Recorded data

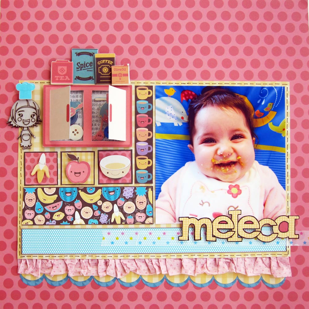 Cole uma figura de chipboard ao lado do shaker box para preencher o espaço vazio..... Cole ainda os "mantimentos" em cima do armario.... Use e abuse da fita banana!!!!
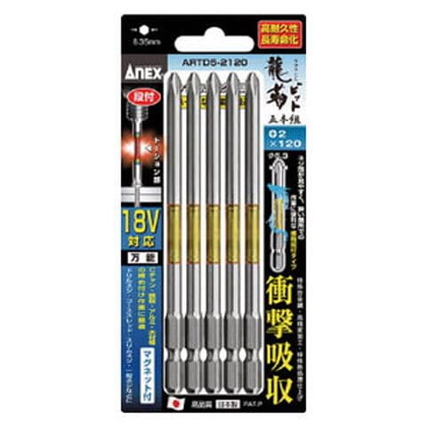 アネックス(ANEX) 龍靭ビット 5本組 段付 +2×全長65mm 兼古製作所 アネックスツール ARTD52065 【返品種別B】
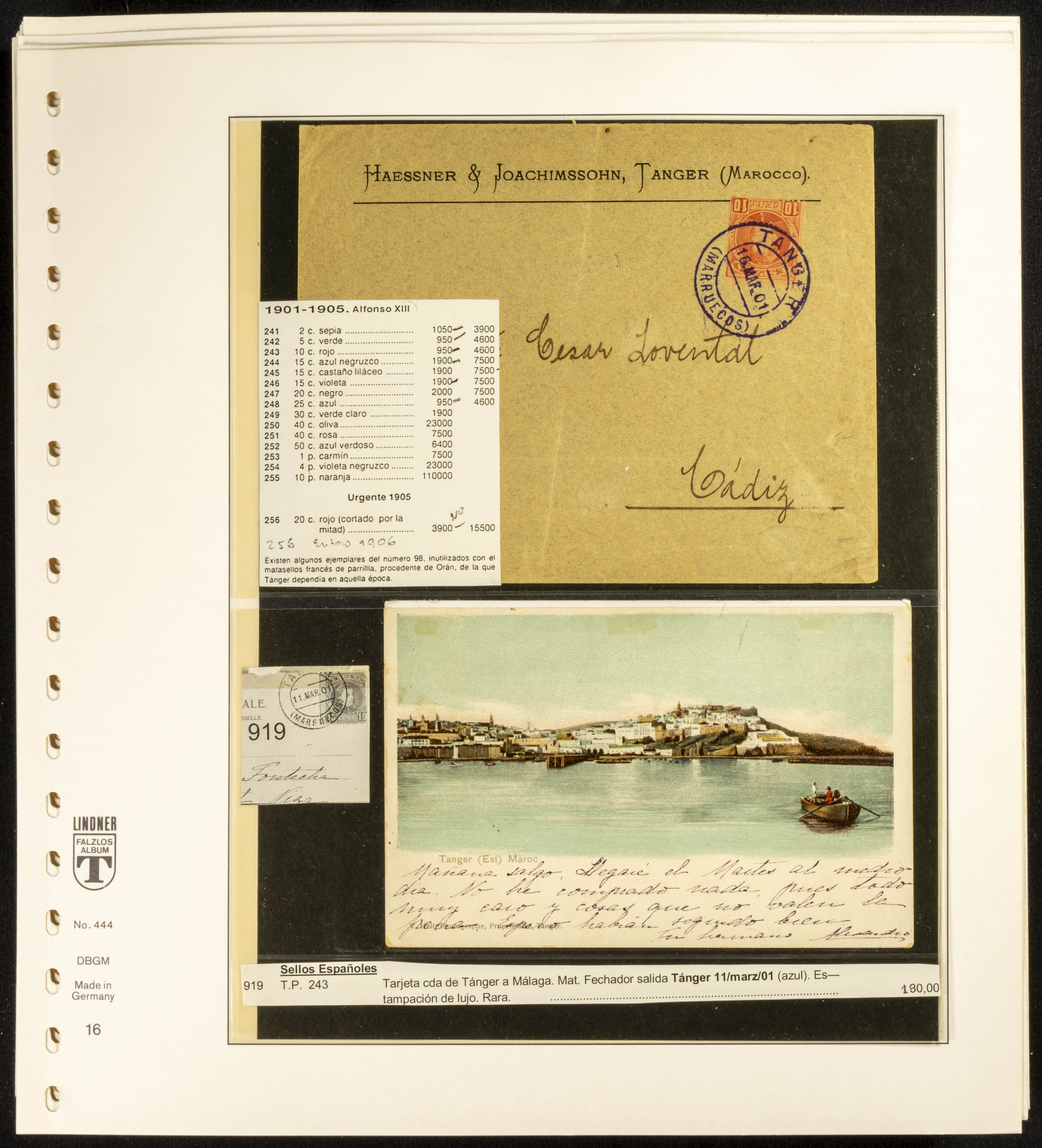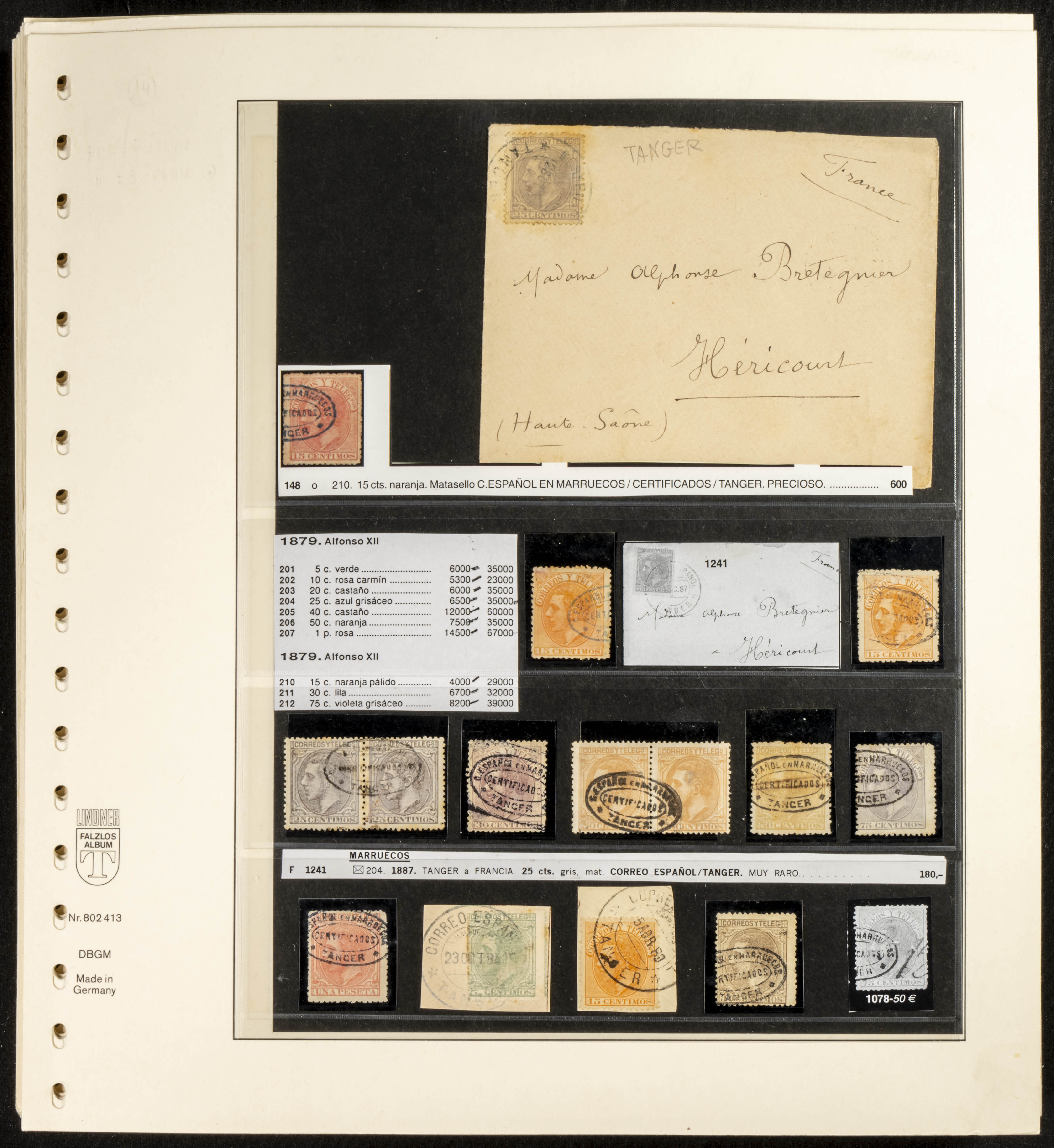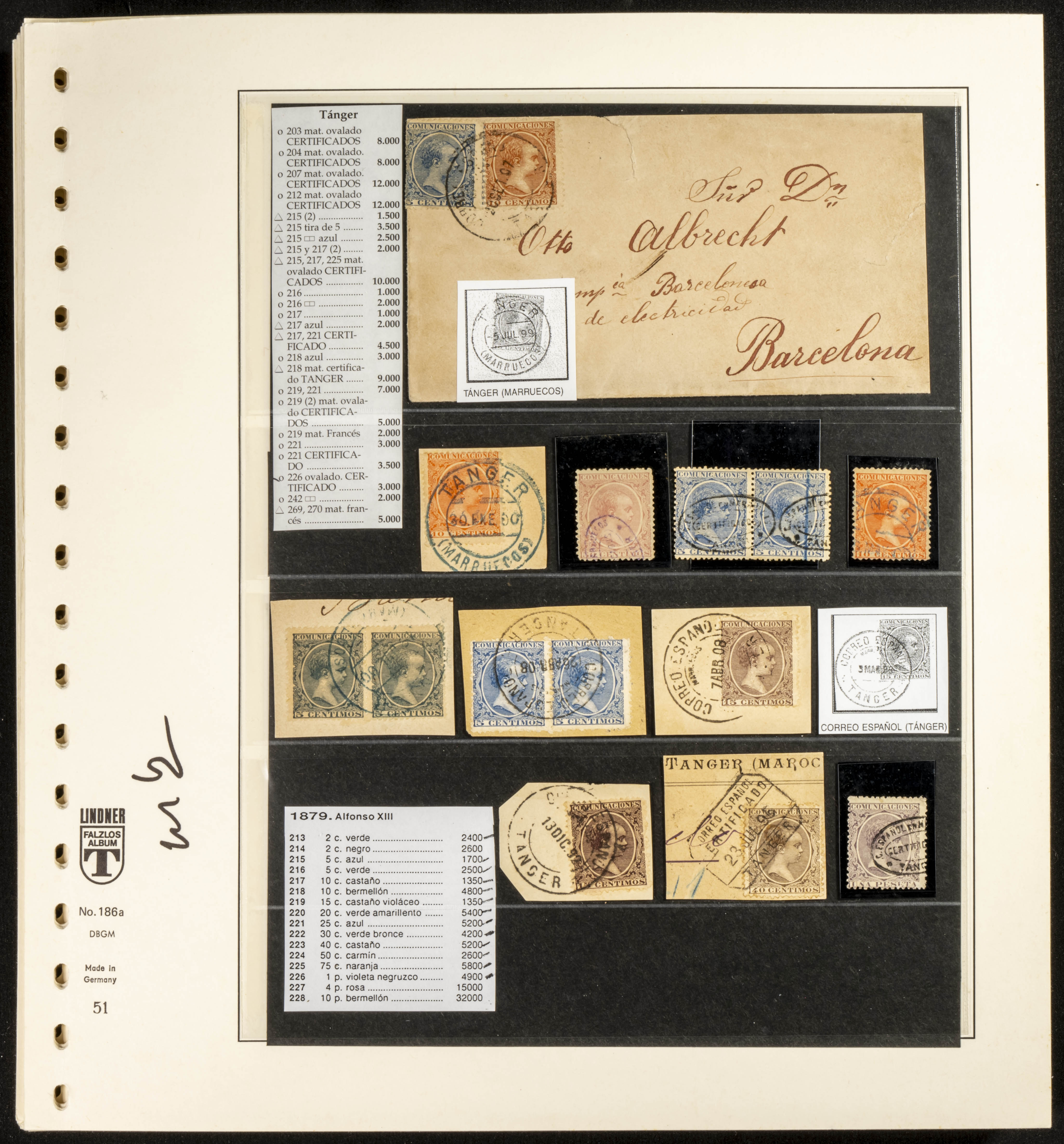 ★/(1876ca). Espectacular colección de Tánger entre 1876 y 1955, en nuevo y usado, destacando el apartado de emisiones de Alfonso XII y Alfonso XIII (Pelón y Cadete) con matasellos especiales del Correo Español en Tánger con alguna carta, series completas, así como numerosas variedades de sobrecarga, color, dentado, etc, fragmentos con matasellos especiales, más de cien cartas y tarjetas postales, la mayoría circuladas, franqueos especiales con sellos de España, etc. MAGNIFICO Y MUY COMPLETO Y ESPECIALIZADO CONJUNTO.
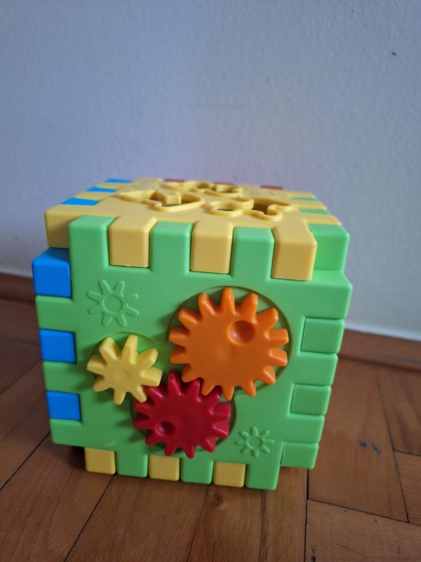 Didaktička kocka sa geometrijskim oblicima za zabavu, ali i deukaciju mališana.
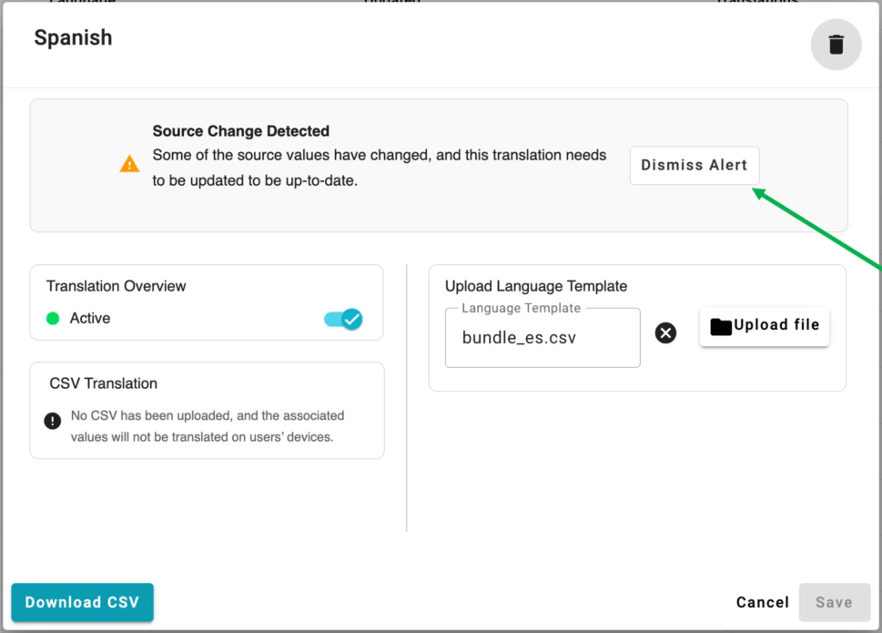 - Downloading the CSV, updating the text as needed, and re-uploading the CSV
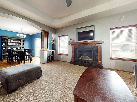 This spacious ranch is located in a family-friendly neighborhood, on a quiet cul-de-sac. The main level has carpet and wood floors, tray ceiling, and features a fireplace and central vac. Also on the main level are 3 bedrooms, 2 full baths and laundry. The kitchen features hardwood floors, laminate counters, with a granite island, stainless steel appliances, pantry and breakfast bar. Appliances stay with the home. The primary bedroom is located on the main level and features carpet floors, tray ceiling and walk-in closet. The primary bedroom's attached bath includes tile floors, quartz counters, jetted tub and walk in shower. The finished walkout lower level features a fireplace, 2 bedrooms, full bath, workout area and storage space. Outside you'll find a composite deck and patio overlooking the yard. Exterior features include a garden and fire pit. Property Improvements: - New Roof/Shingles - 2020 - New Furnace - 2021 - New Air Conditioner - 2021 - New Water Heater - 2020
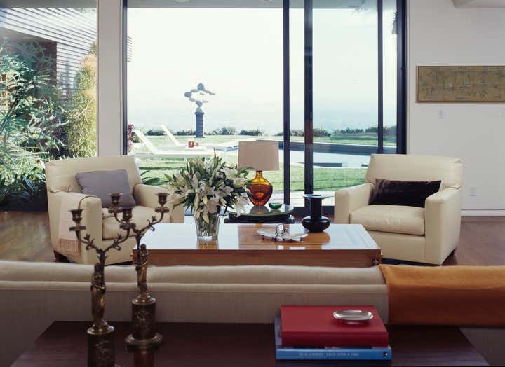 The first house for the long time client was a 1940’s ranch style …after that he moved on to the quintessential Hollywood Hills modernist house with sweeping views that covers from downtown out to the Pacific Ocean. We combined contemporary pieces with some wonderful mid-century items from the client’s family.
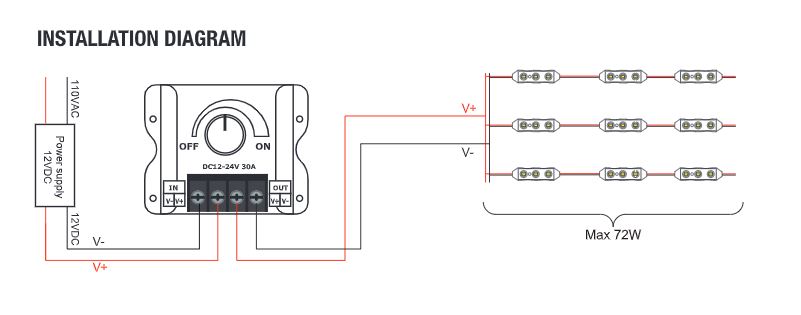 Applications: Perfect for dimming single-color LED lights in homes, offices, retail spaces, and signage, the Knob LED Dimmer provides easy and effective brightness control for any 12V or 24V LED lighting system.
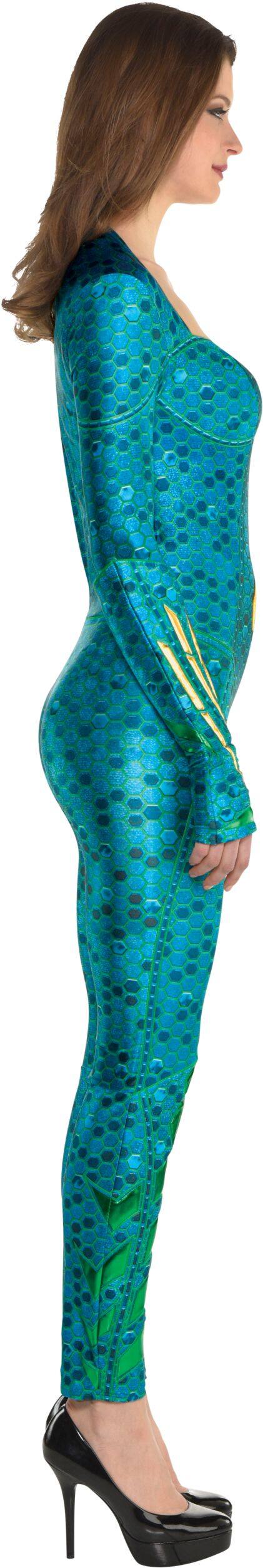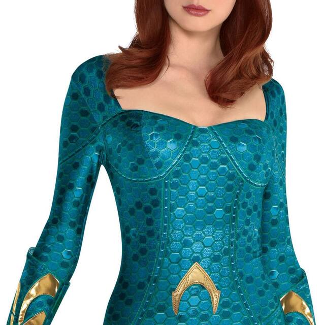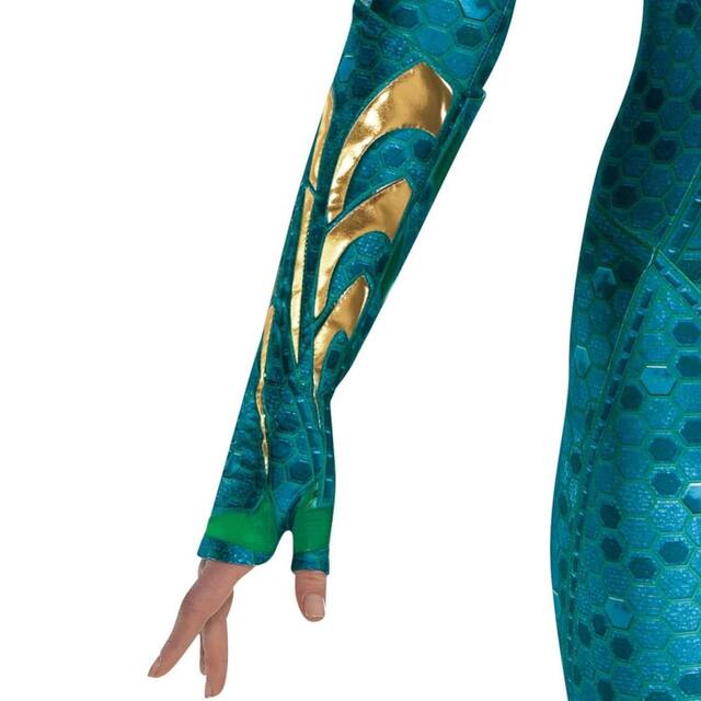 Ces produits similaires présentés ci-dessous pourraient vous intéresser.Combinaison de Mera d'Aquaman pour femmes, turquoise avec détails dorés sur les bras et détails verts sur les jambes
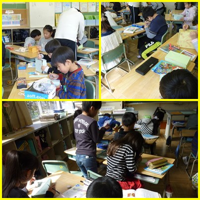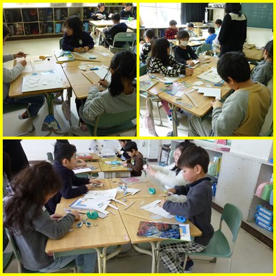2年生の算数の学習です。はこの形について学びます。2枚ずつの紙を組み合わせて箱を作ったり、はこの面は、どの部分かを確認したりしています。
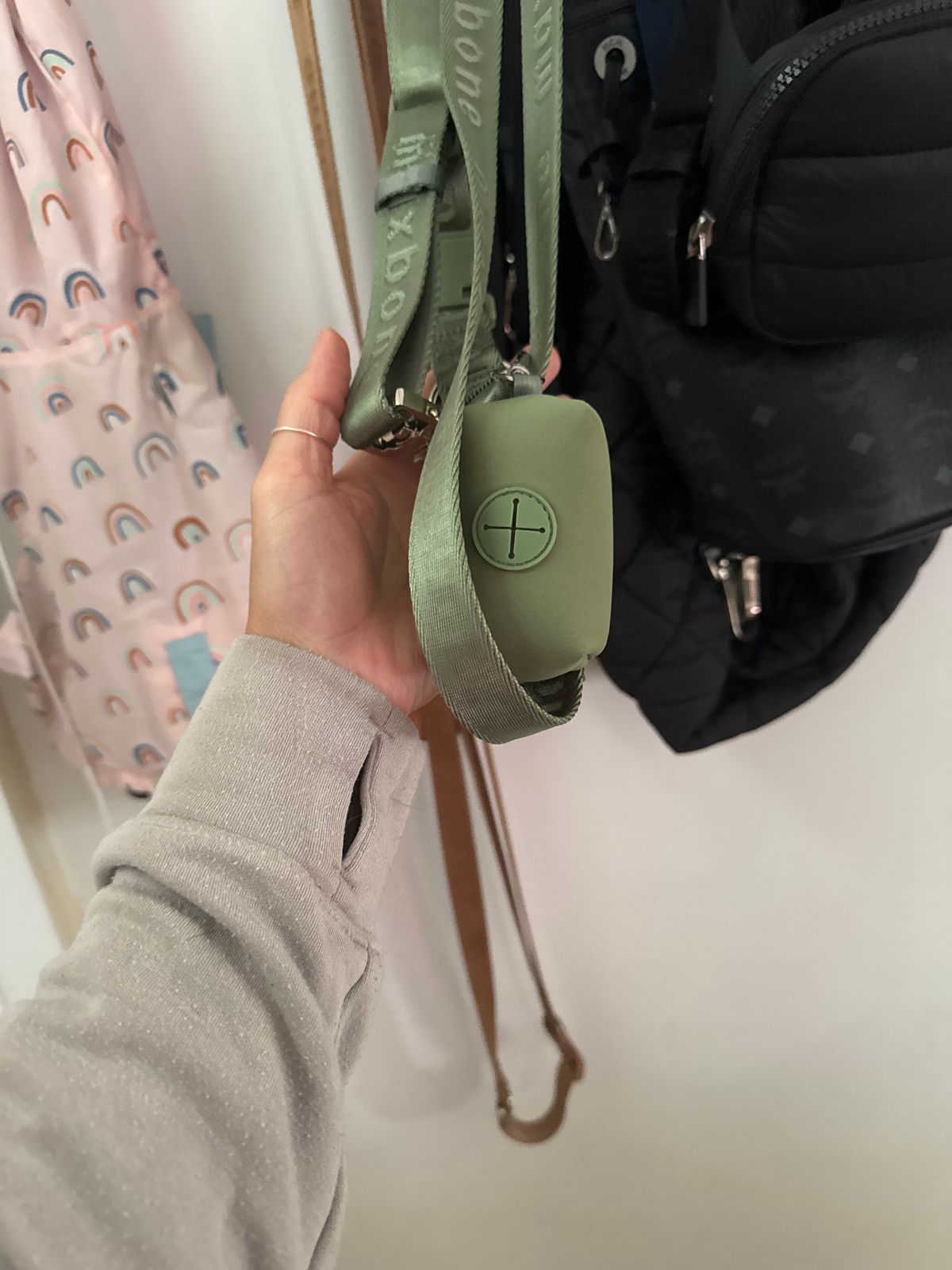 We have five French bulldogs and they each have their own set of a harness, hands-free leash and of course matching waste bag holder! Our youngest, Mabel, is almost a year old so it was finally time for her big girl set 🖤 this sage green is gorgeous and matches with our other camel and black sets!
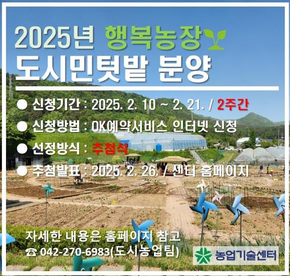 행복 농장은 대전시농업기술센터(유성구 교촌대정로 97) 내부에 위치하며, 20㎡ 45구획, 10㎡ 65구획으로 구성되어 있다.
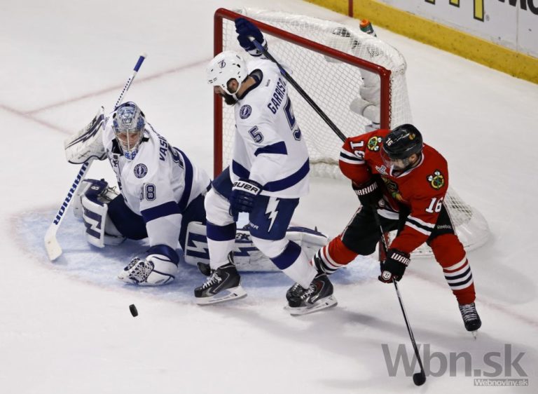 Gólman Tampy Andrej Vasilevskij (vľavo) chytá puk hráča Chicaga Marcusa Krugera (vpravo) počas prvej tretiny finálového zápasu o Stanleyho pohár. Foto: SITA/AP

## Task requirements
Write out word for word the lines above that run from the one with "Didaktička kocka sa" to the one with "- Downloading the". Include both end lines; exclude the images.

## Your response
 Didaktička kocka sa geometrijskim oblicima za zabavu, ali i deukaciju mališana.
 - Downloading the CSV, updating the text as needed, and re-uploading the CSV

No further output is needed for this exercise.